[Collected data]
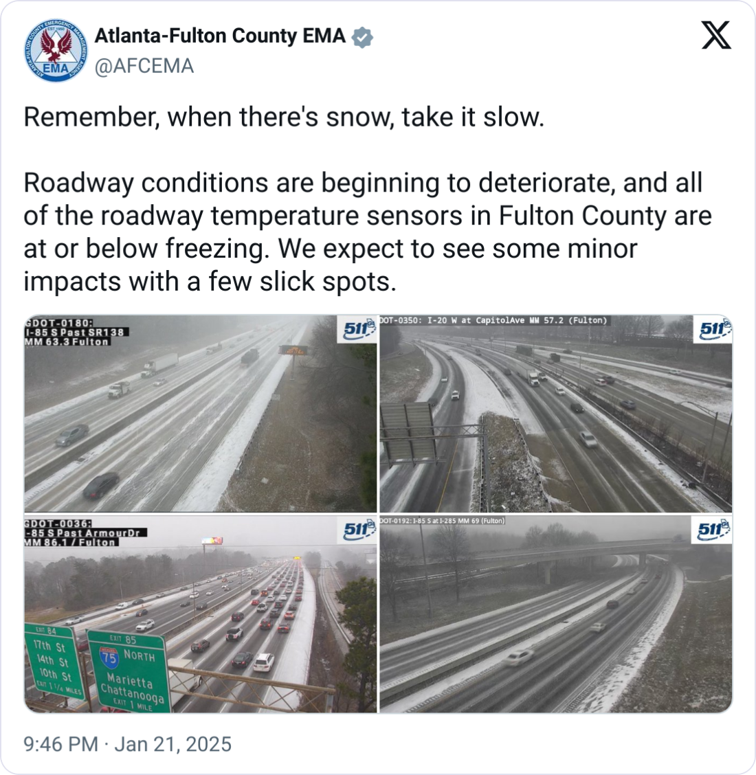 Freight movement along these routes is delayed, with last-mile delivery operations in cities like New Orleans, Savannah, Houston, and Tallahassee severely impacted. Officials urge drivers to avoid travel unless absolutely necessary.
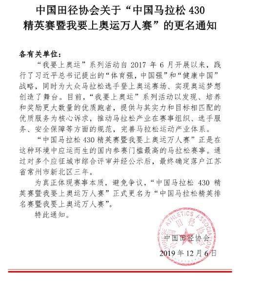 “中国马拉松430精英赛暨我要上奥运万人赛”,2019年12月6日正式更名啦,改为“中国马拉松精英排名赛暨我要上奥运万人赛”,查询时要注意别搜索错名称啦
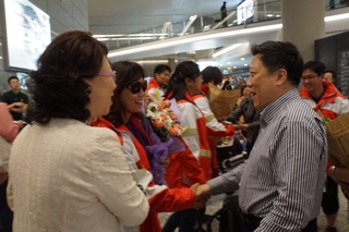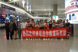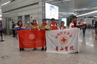 5月30日下午1时许, 第二批红十字援助尼泊尔医疗救援队员,我院重症医学科贡海蓉医生以及华山医院朱磊医生等一行六人顺利完成救援任务,辗转加德满都、拉萨、成都,安全抵沪。上海市红会党组书记、常务副会长高解春、市红会赈济救护部部长滕桂香、我院党委书记徐虹、华山医院副院长邵建华、华山医院党委副书记邹和建、华山北院副院长吕飞舟等领导前往虹桥国际机场迎接。
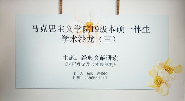 2020年3月21日上午9:00,2019级本硕一体生通过腾讯会议的形式组织了本学期第三期学术沙龙活动。活动主题是:经典文献研读——《课程理论及其实践范例》,活动由杨霞和严盼盼两位同学主讲,18级吴文房同学也参加了本期活动。
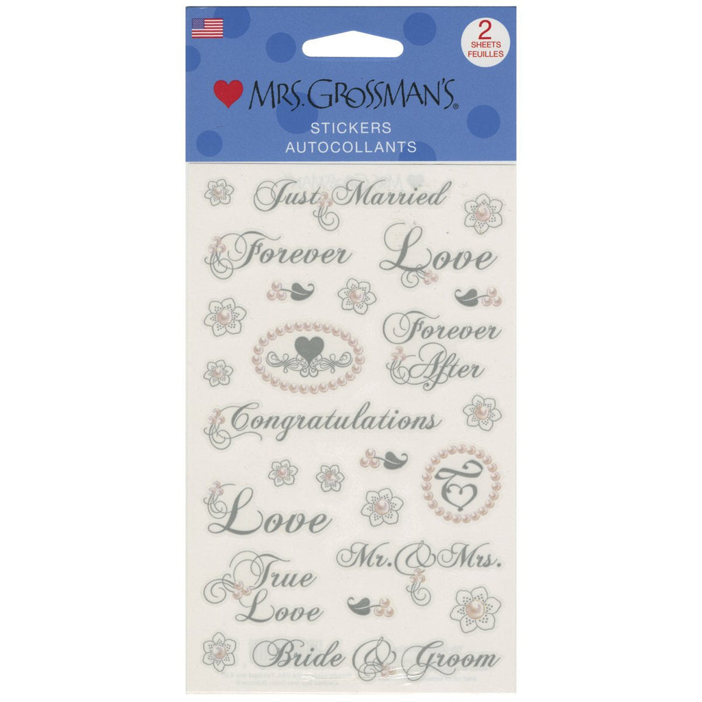Mrs. Grossman Foil Wedding Phrases Strip Stickers perfect for creating that very special Scrapbook or adding a special touch to the Engagement Party, Bridal Shower, and Wedding events
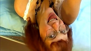 Lusty inexperienced blond haired granny in glasses masturbates her twat
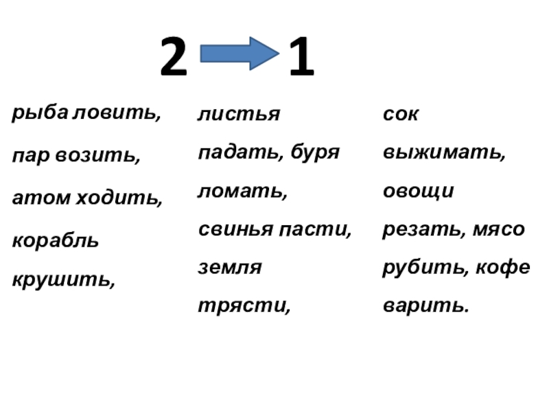 листья падать, буря ломать, свинья пасти, земля трясти,
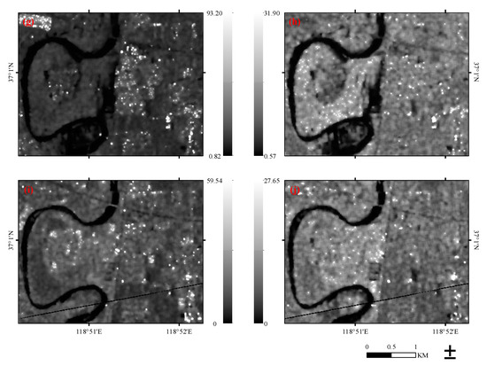 All GRD products were processed into Gamma bands and S_Gamma bands, which are shown in Figure 3. Sentinel-2 images on 10 August 2018 were downloaded as the optical image (Figure 1). Both Sentinel-1 and Sentinel-2 products were processed into 10-meter resolutions.
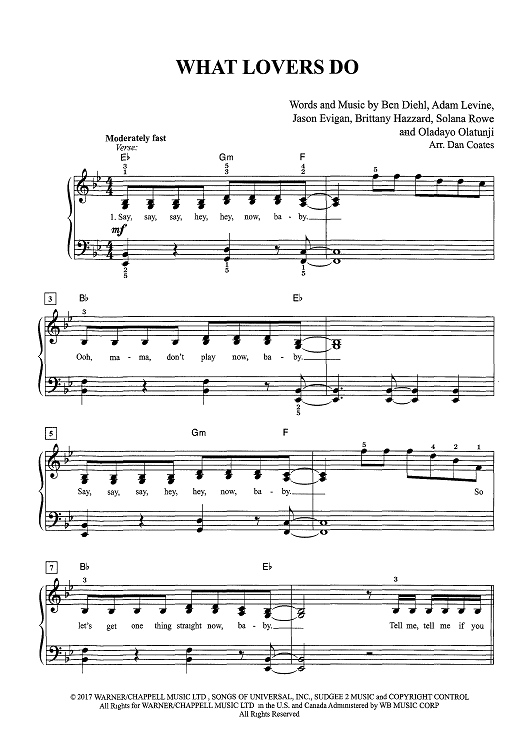 Digital Sheet Music for What Lovers Do by Dan Coates, Adam Levine, Maroon 5, Jason Evigan, Brittany Hazzard, SZA, Oladayo Olatunji, Ben Diehl scored for Easy Piano/Vocal/Chords; id:466824

[PROBLEM REQUIREMENTS]: Without the pictures, reproduce every entry exactly as written.

[YOUR SOLUTION]:
 Freight movement along these routes is delayed, with last-mile delivery operations in cities like New Orleans, Savannah, Houston, and Tallahassee severely impacted. Officials urge drivers to avoid travel unless absolutely necessary.
 “中国马拉松430精英赛暨我要上奥运万人赛”,2019年12月6日正式更名啦,改为“中国马拉松精英排名赛暨我要上奥运万人赛”,查询时要注意别搜索错名称啦
 5月30日下午1时许, 第二批红十字援助尼泊尔医疗救援队员,我院重症医学科贡海蓉医生以及华山医院朱磊医生等一行六人顺利完成救援任务,辗转加德满都、拉萨、成都,安全抵沪。上海市红会党组书记、常务副会长高解春、市红会赈济救护部部长滕桂香、我院党委书记徐虹、华山医院副院长邵建华、华山医院党委副书记邹和建、华山北院副院长吕飞舟等领导前往虹桥国际机场迎接。
 2020年3月21日上午9:00,2019级本硕一体生通过腾讯会议的形式组织了本学期第三期学术沙龙活动。活动主题是:经典文献研读——《课程理论及其实践范例》,活动由杨霞和严盼盼两位同学主讲,18级吴文房同学也参加了本期活动。
Mrs. Grossman Foil Wedding Phrases Strip Stickers perfect for creating that very special Scrapbook or adding a special touch to the Engagement Party, Bridal Shower, and Wedding events
 Lusty inexperienced blond haired granny in glasses masturbates her twat
 листья падать, буря ломать, свинья пасти, земля трясти,
 All GRD products were processed into Gamma bands and S_Gamma bands, which are shown in Figure 3. Sentinel-2 images on 10 August 2018 were downloaded as the optical image (Figure 1). Both Sentinel-1 and Sentinel-2 products were processed into 10-meter resolutions.
 Digital Sheet Music for What Lovers Do by Dan Coates, Adam Levine, Maroon 5, Jason Evigan, Brittany Hazzard, SZA, Oladayo Olatunji, Ben Diehl scored for Easy Piano/Vocal/Chords; id:466824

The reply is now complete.